Savannah’s subsurface doesn't hide its secrets easily. The upper 30 to 50 feet are dominated by Pleistocene and Holocene deposits—interbedded loose sands, soft to medium clays, and occasional organics that shift behavior with the tide and the seasons. A standard boring with SPT sampling gives you a data point every 2.5 or 5 feet; CPT soundings give you a near-continuous profile of tip resistance, sleeve friction, and pore pressure, which makes a real difference when you’re trying to separate a thin silt seam from a true clay layer. We run our cone rigs in Savannah’s historic districts, port-adjacent industrial lots, and new residential subdivisions, always with an eye on the shallow groundwater that sits barely 4 to 8 feet below grade across much of Chatham County. Where the stratigraphy is complex, we often pair the cone data with a few targeted SPT borings to calibrate soil behavior types and confirm the Robertson chart classifications on samples we can see and touch.
A single CPT sounding in Savannah’s coastal deposits can replace four to six SPT borings for stratigraphic profiling—and it does it in half a day instead of two.
Process and scope
Local ground factors
In Savannah, Georgia, we tackled a five-story mixed-use development on reclaimed land adjacent to the Savannah River, where a previously undetected infilled tidal creek cut diagonally across the lot—a feature the geophysical survey had missed. Initial SPT borings at 60-foot intervals returned N-values between 15 and 25, which seemed adequate for shallow footings. However, the CPT profile revealed a 12-foot-thick layer of soft, normally consolidated silty clay with tip resistances under 0.3 MPa and pronounced excess pore pressure generation with each push. That soft lens posed a serious consolidation risk; had the structural engineer stuck with the original foundation plan, differential settlement would have likely caused slab cracking within two years. We conducted five additional CPT soundings on a 20-foot grid, delineated the paleochannel boundaries, and the design team pivoted to a ground improvement approach using rigid inclusions to bridge the weak zone. In this area, where relic channels and buried marsh deposits hide beneath seemingly clean sand, omitting cone data is a gamble best avoided.
Reference standards
Relevant standards and procedures include ASTM D5778-21 for electronic friction cone and piezocone testing, IBC 2024 Chapter 18 covering soils and foundations with liquefaction evaluation, ASCE 7-22 for minimum design loads, Robertson's 2016 CPT soil behavior type classification, and the NCEER/NSF liquefaction triggering methods (Youd & Idriss 2001) for both SPT and CPT data.
Other technical services
Piezocone (CPTu) Soundings
For cone penetration, we employ a standard cone equipped with pore pressure measurement at the shoulder. Depending on soil stiffness and required depth, we use either 15 cm² or 10 cm² cones.

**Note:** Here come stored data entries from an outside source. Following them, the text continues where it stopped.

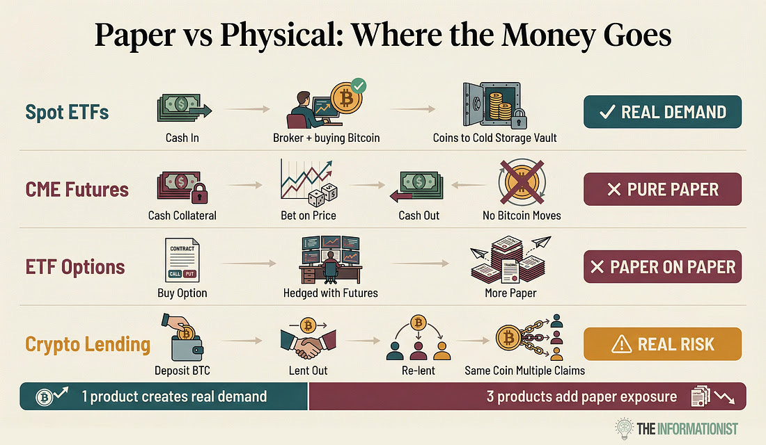For a long time, hedge funds ran a basis trade… They were long IBIT and short CME futures, and just pocketing the spread. Then they ran out of people to sell to…
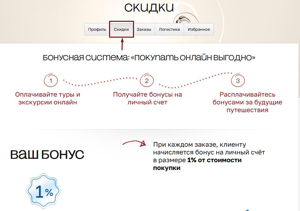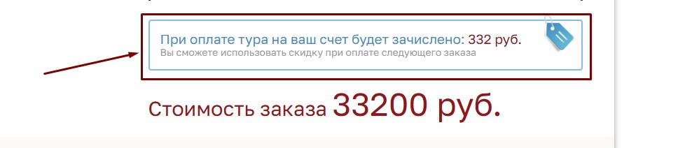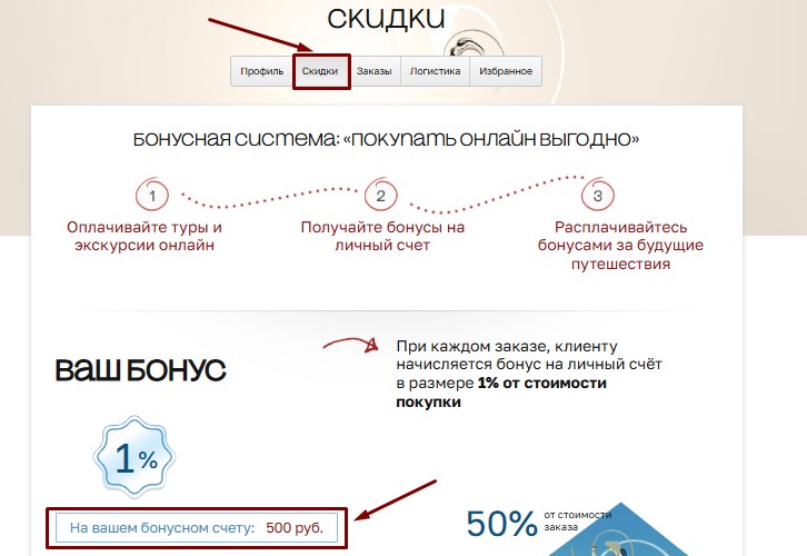 Общее количество начисленных бонусов (после совершения оплаты и поездки (поездок) в тур) Вы можете также увидеть в Вашем личном кабинете в разделе «Скидки» или в верхней строке сайта рядом с активной ссылкой на переход в Личный Кабинет.
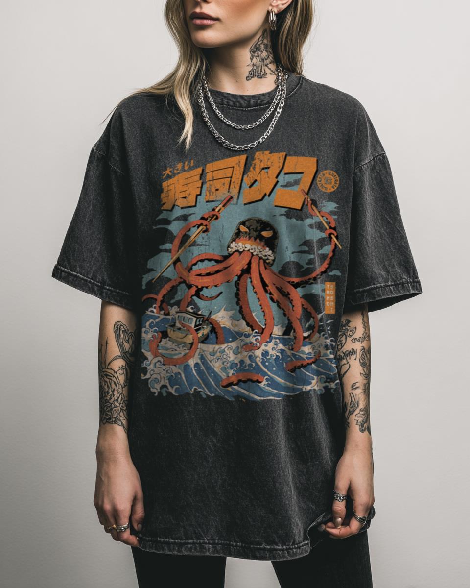 Craving a Taste of Edgy Japanese Art? Unleash the kraken with this ‘Black The Tako Sushi’ T-shirt, a dynamic design by Ilustrata! This retro Japanese graphic features an angry octopus (tako) as a kaiju monster, intertwined with sushi elements and powerful waves, reminiscent of classic anime and manga art. It’s perfect for fans of Japanese…
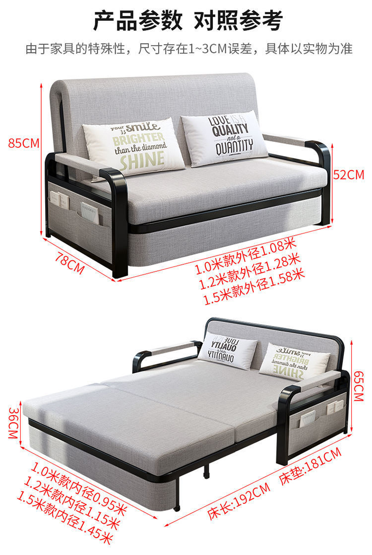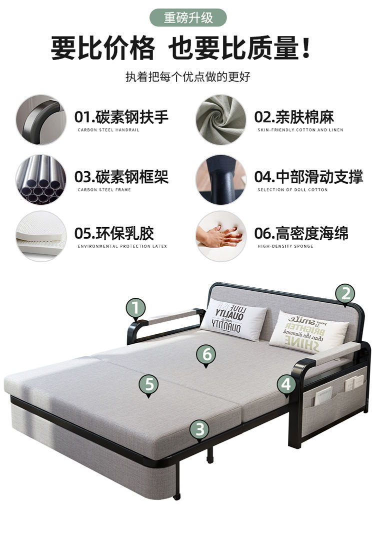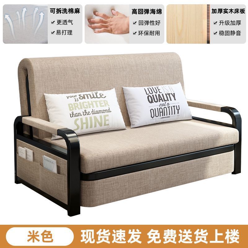 접이식 침대 가정용 싱글 침대 간단한 점심 시간 침대 작은 아파트 싱글 및 더블 개폐식 거실 발코니 패브릭 소파 침대
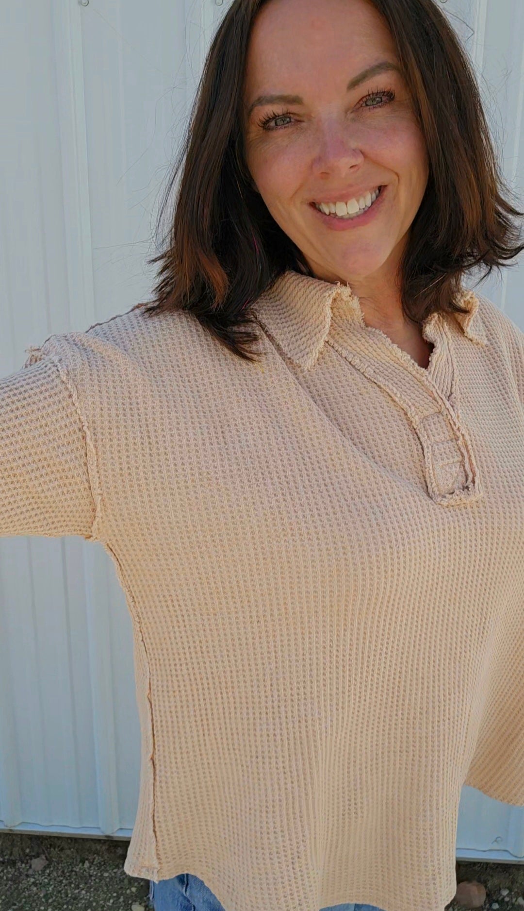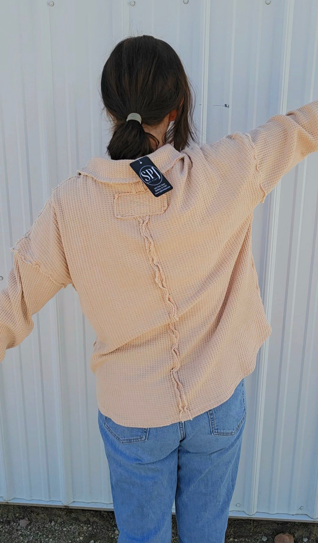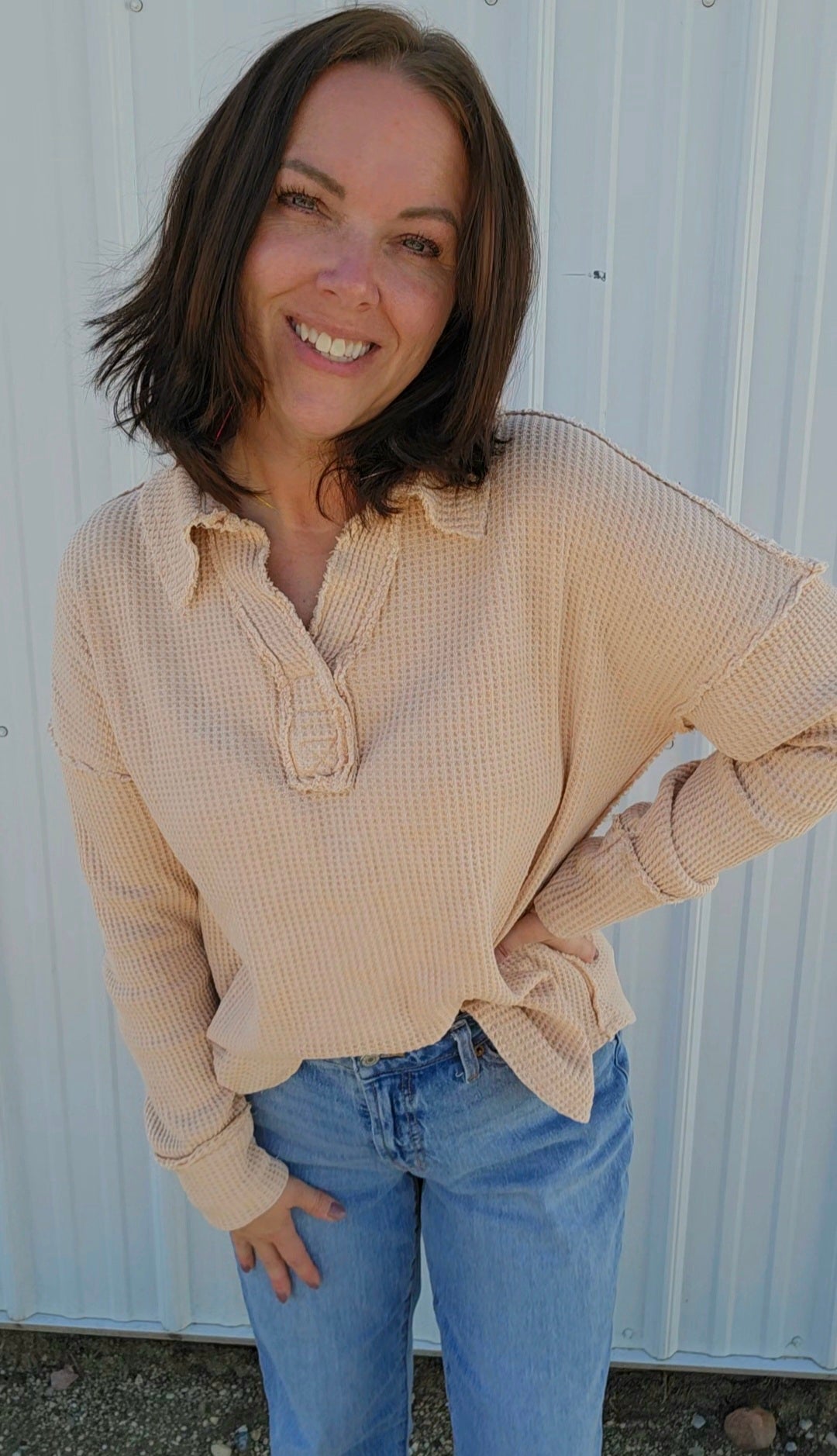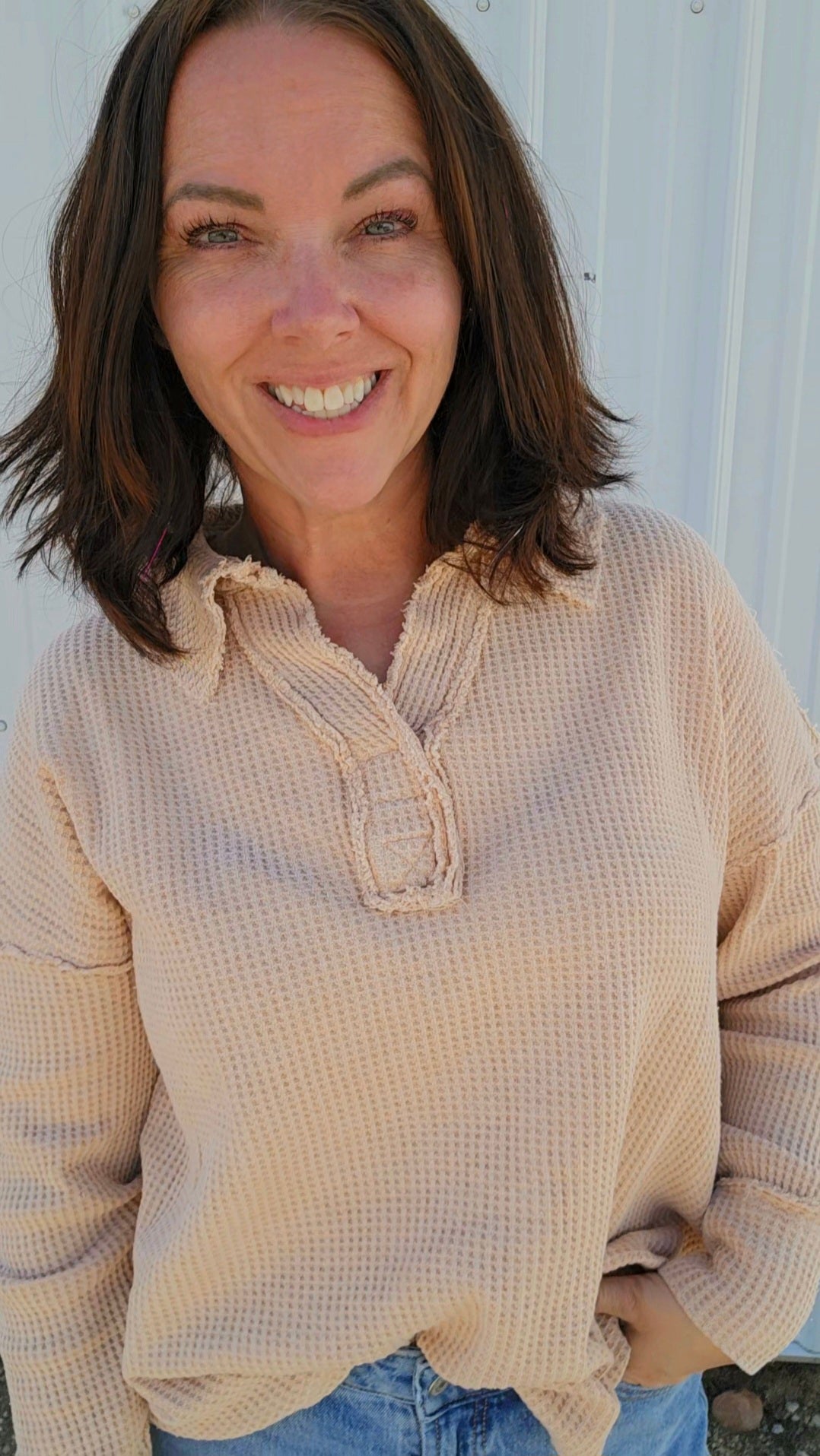 Wrap yourself in cozy charm with this mineral-washed sweatshirt, in Oatmeal, made from soft Textured Cotton Waffle fabric. Its relaxed fit and open polo neckline keep things breezy yet warm, while playful raw seaming details add a dash of personality. Perfect for those days when comfort meets style effortlessly!
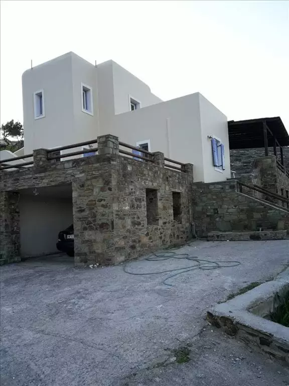 This two-storey house spans 165 square meters and is located in the Cyclades, a stunning cluster of islands in Greece. The ground floor features two bedrooms, a living room integrated with the kitchen, and two bathrooms, offering a functional layout for everyday living.
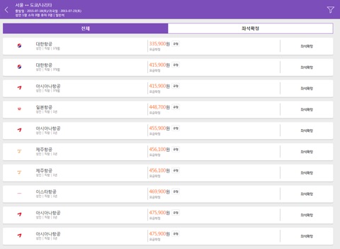 항공사별/직항별/ 등 편리하고 다양한 검색 서비스
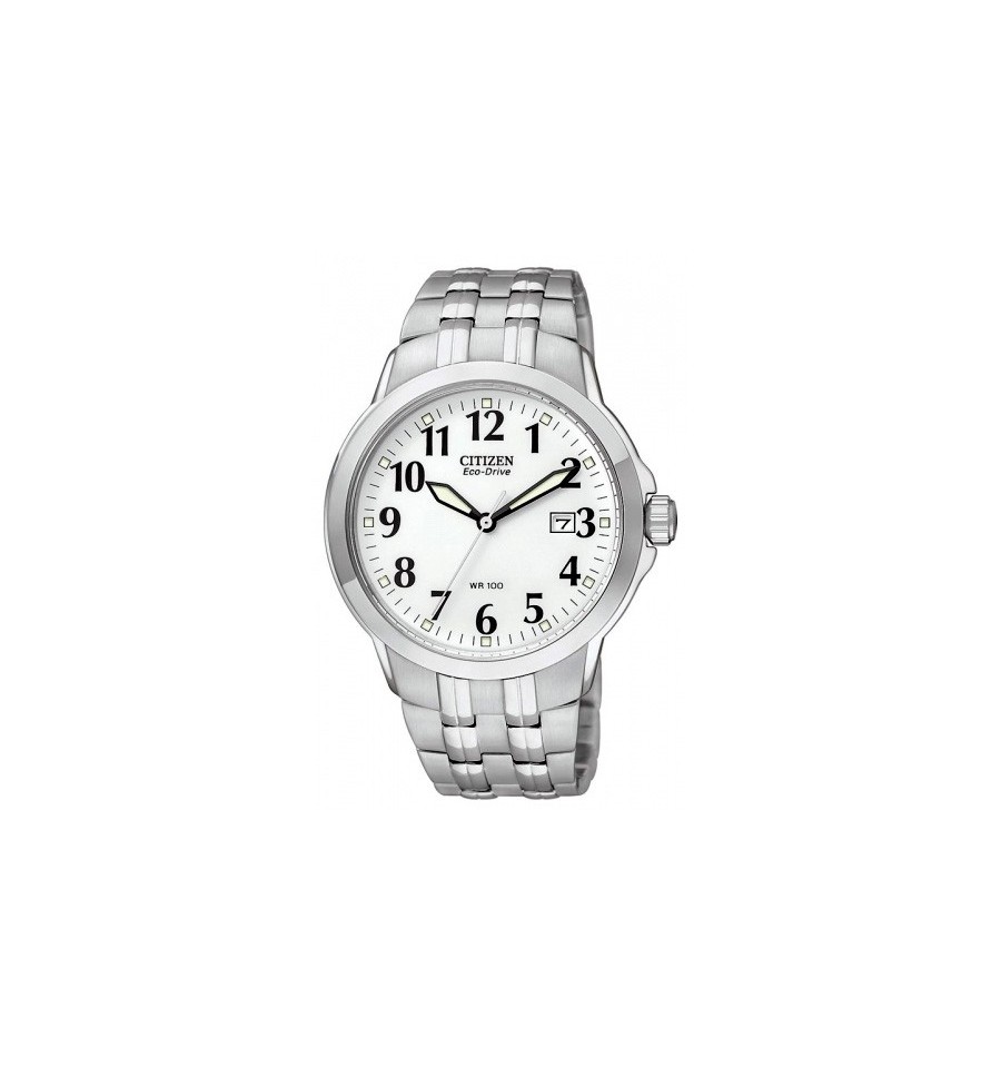 Acest ceas de mana barbatesc Sport WR 100 BM7090-51A, produs de renumitul producator japonez Citizen are carcasa si bratara din otel inoxidabil lustruit alb, cadranul alb, iar sistemul de inchidere este de tip fluture. Geamul este din cristal mineral. Ceasul converteste orice sursa de lumina fie naturala, fie artificiala, in energie utilizabila prin tehnologia Eco-Drive.
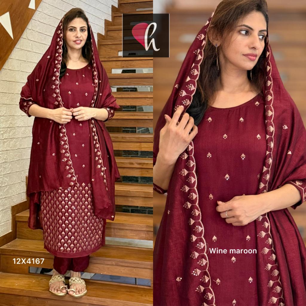 Vichithra silk slit kurti with heavy zari n sequins work + pant with lining + shawl
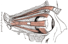 | Anatomy of the eye. The external eye muscles are shown in red. | |
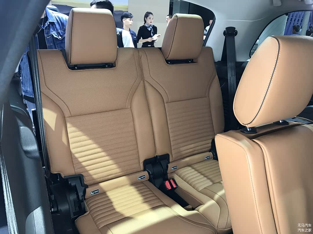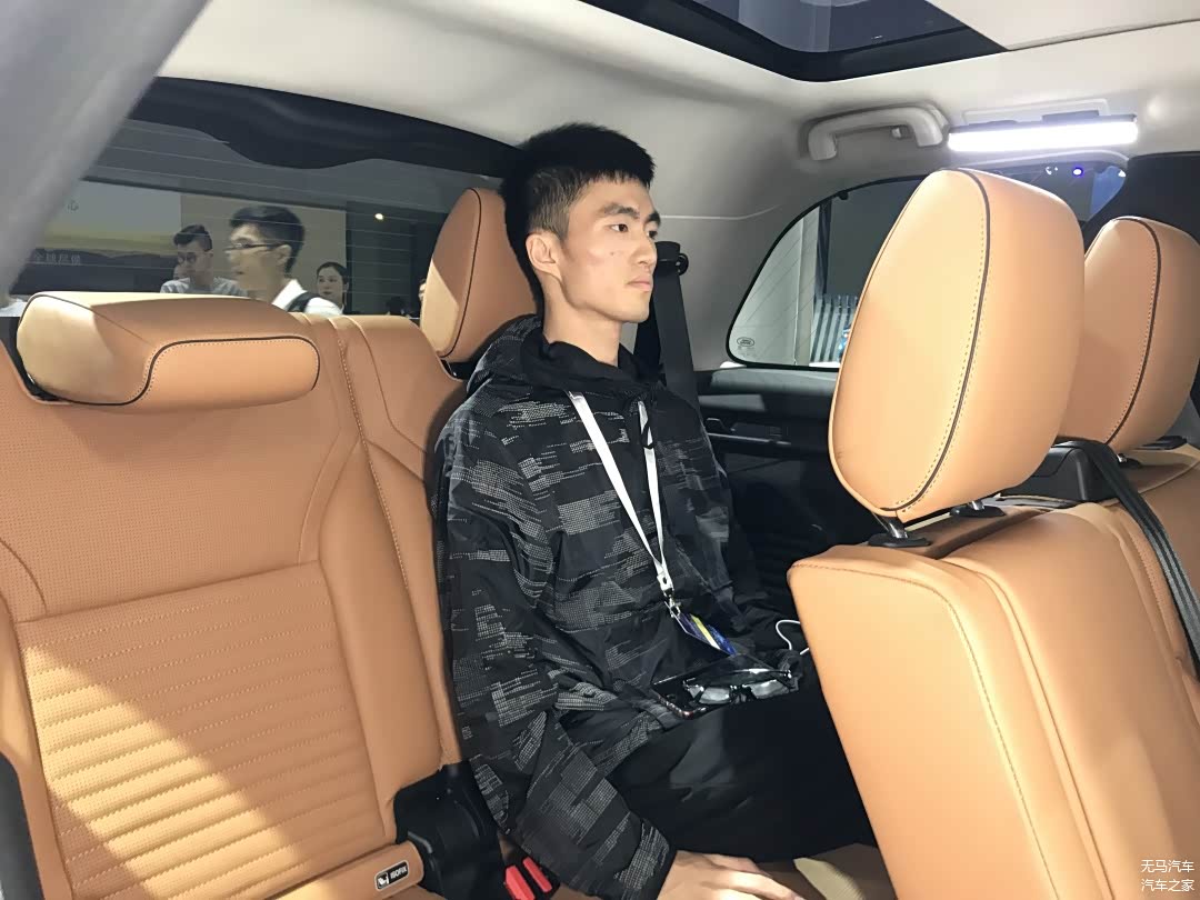 配置侧面上,由于发现5采用的是两段式的天窗设计,第二段天窗直接延伸到了第三排乘客的头上,配合上面积非常不错的侧窗,整体呈现出来的开扬感是在场所有7座SUV最好的;另外,储物格、出风口和杯架一应俱全,满足了第三排乘客的基本需求。
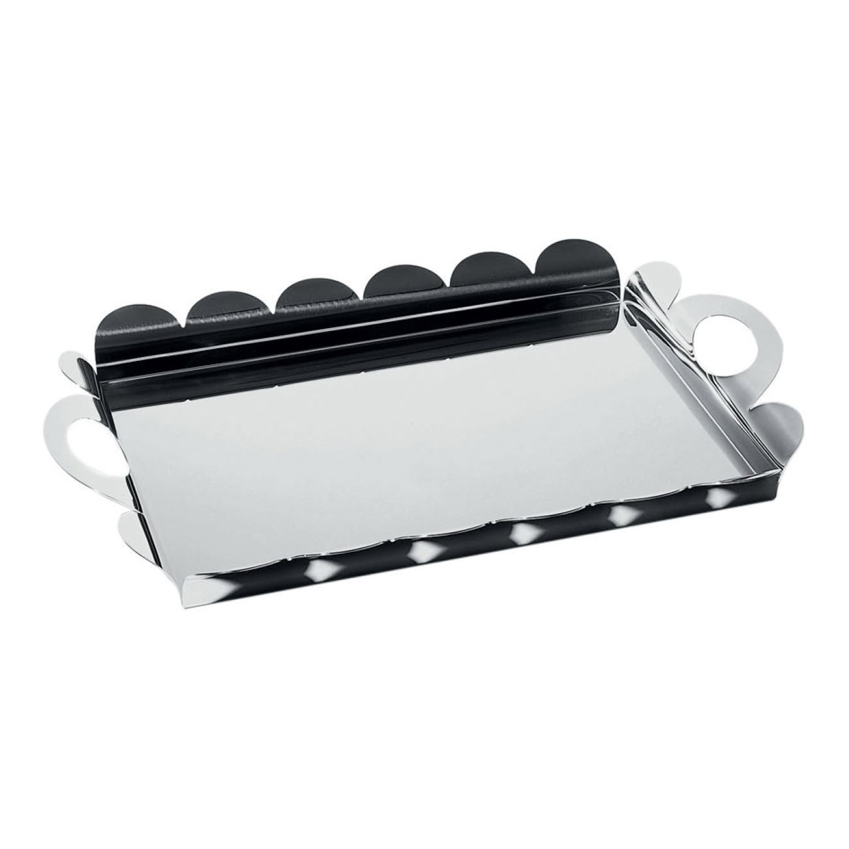 Alessi AM14 Recinto Vassoio rettangolare in acciaio Inox Alessandro Mendini | Vassoio rettangolare con bordo smerlato e manici in acciaio inossidabile 18/10 lucido
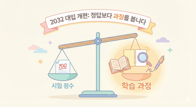 최근 교육계의 가장 뜨거운 화두는 단연 2032학년도 대입 개편이에요. 아직 멀게만 느껴지시나요? 하지만 현재 초등 고학년 자녀를 둔 학부모님들이라면 지금 당장 주목해야 할 '룰의 변화'가 시작되었습니다. 과연 무엇이 달라지고, 우리 아이는 초등 시절을 어떻게 보내야 할까요? 대교 눈높이 전략가와 함께 핵심만 짚어보아요! 1. '결과'가 아닌 '과정'을 보는 평가의 시대 2032 대입 개편의 핵심은 한마디로 ‘점수 중심’에서 ‘과정 중심’으로의 대전환이에요. 기존에는 단편적인 지필고사 성적으로 아이들을 한 줄로 세웠다면, 이제는 아이가 어떤 과정을 거쳐 학습했는지, 그 사고의 깊이를 측정하는 데....... <img src="https://blogthumb.pstatic.net/MjAyNjAyMDNfMTA2/MDAxNzcwMDgzMTA4MjIy.6GsSNEhj1W6xmrE-SEOcaJ8OAeN1HYoq0pvYHKh50igg.DK-i3fWjmthBLCpOWNS2rifALimnMBo6PqGYZZs9XgQg.PNG/Gemini_Generated_Image_sq5jbdsq5jbdsq5j.png?type=s3" />

Pore Pressure Dissipation Testing
Dissipation tests are performed by stopping cone advancement to record u2 decay over time. From these, we derive t50 values and complete decay curves to estimate consolidation rates in compressible clays.
Seismic CPT (SCPT)
Shear wave velocity is measured downhole and integrated with cone data, providing direct Vs profiles for site class determination as per ASCE 7-22.
Soil Behavior Type Profiling & Reporting
We deliver comprehensive digital logs that include Robertson SBT classification, equivalent SPT N60 estimates, and interpreted geotechnical units ready for foundation design.
Typical parameters
Frequently asked questions
How much does a CPT sounding cost in Savannah?
In the Savannah region, costs for standard CPTu soundings generally fall between US$180 and US$250 per meter, influenced by total depth, site accessibility, and inclusion of seismic or dissipation testing. After reviewing your site and project needs, we provide a fixed-price quotation.
What depth can you reach with the CPT rig in coastal Georgia soils?
Our 20-ton truck-mounted rig typically achieves depths of 100 to 130 feet in the sands and clays common to Chatham County. In the denser, pre-consolidated sands of the deeper Hawthorn Formation, refusal may occur sooner—we continuously monitor sleeve friction and tip resistance, halting penetration when capacity limits are reached to safeguard the cone and rods.
Can CPT data be used for liquefaction analysis under IBC?
Yes, both IBC Chapter 18 and ASCE 7-22 recognize CPT-based liquefaction triggering procedures. We analyze cone data using the NCEER/NSF framework (Youd & Idriss 2001, with Idriss & Boulanger 2008 updates), employing normalized tip resistance and soil behavior type to compute factor of safety against liquefaction at every depth increment.
Do CPT results replace the need for soil borings and lab testing?
While CPT provides continuous stratigraphic detail unmatched by borings, it does not retrieve physical samples. For Savannah projects that require Atterberg limits, grain size distribution, or strength testing, we suggest a hybrid approach: use CPT for profiling and liquefaction assessment, complemented by a select number of targeted SPT borings or thin-wall Shelby tube samples for laboratory verification.